- The Leonardo (middle) in 2020
- Interactive map of the The Leonardo area
- Alternative names: 75 on Maude

Record height
- Tallest in Africa from mid-April to 29 April 2019^{[I]}
- Preceded by: Carlton Centre
- Surpassed by: Great Mosque of Algiers Tower

General information
- Status: Completed
- Type: Mixed-use
- Location: Sandton, Johannesburg, South Africa
- Coordinates: 26°6′15.2″S 28°3′19.96″E﻿ / ﻿26.104222°S 28.0555444°E
- Groundbreaking: 17 November 2015
- Construction started: 2015
- Completed: 2019; 7 years ago
- Cost: R2 billion
- Owner: Legacy Group

Height
- Roof: 234 metres (770 ft)

Technical details
- Floor count: 55

Design and construction
- Architect: Co-Arc International Architects
- Main contractor: Aveng Grinaker-LTA

Website
- theleonardo.co.za

= The Leonardo (Sandton) =

Skyscraper in Sandton, South Africa

The Leonardo is a 55-floor mixed-use property development in Sandton, Johannesburg, South Africa. The fourth tallest building in Africa and the tallest in South Africa and sub-Saharan Africa, it stands at a height of 234 m. The building is built at 75 Maude Street, approximately 100 metres from the Johannesburg Stock Exchange.
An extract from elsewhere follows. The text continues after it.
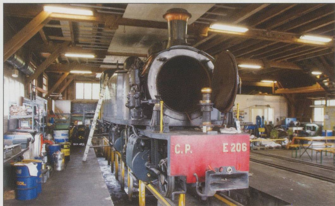
Portuguese Mallet locomotive No 206 on CJ.

The former Portuguese Mallet locomotive No. 206, a 2-4-6-0T compound engine, has spent some time in the back of the shed in Pré-Petitjean. The loco needs re-tubing to run again and work on this big job is now starting. In the meantime the 0-4-4-0T compound Mallet No.164 must handle the 2015 steam programme. Fortunately she is in good condition, as La Traction operations are very much in demand again this year, both their public and charter trains.
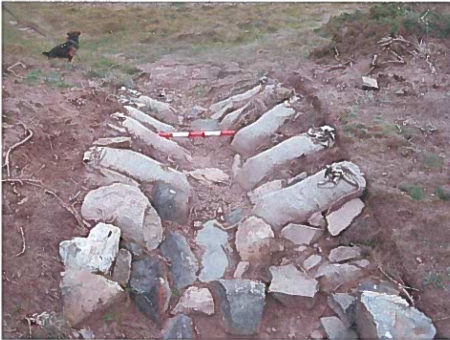
Watery Bay Rath: modern entrance through northwest bank as consolidated by Time Team. View S, Scale 0.5m. 11/10/2011

The backfilled Time Team trenches through the north bank, which is used as part of the Coast Path, were still looking very raw (see photos below).

The development includes street level shops as well as an above ground podium, where a swimming pool, restaurant and several other facilities are located. The facilities are open to public use, and can be booked through Legacy Hotels and Resorts.

It has been announced that the 2100 square metre, 3 floor penthouse apartment will go on the market for R 180 million, which, if sold, will make this the most expensive sectional title property ever sold in South Africa. The entire structure cost R 2 billion and consists of 200 apartments and 11 floors of commercial office.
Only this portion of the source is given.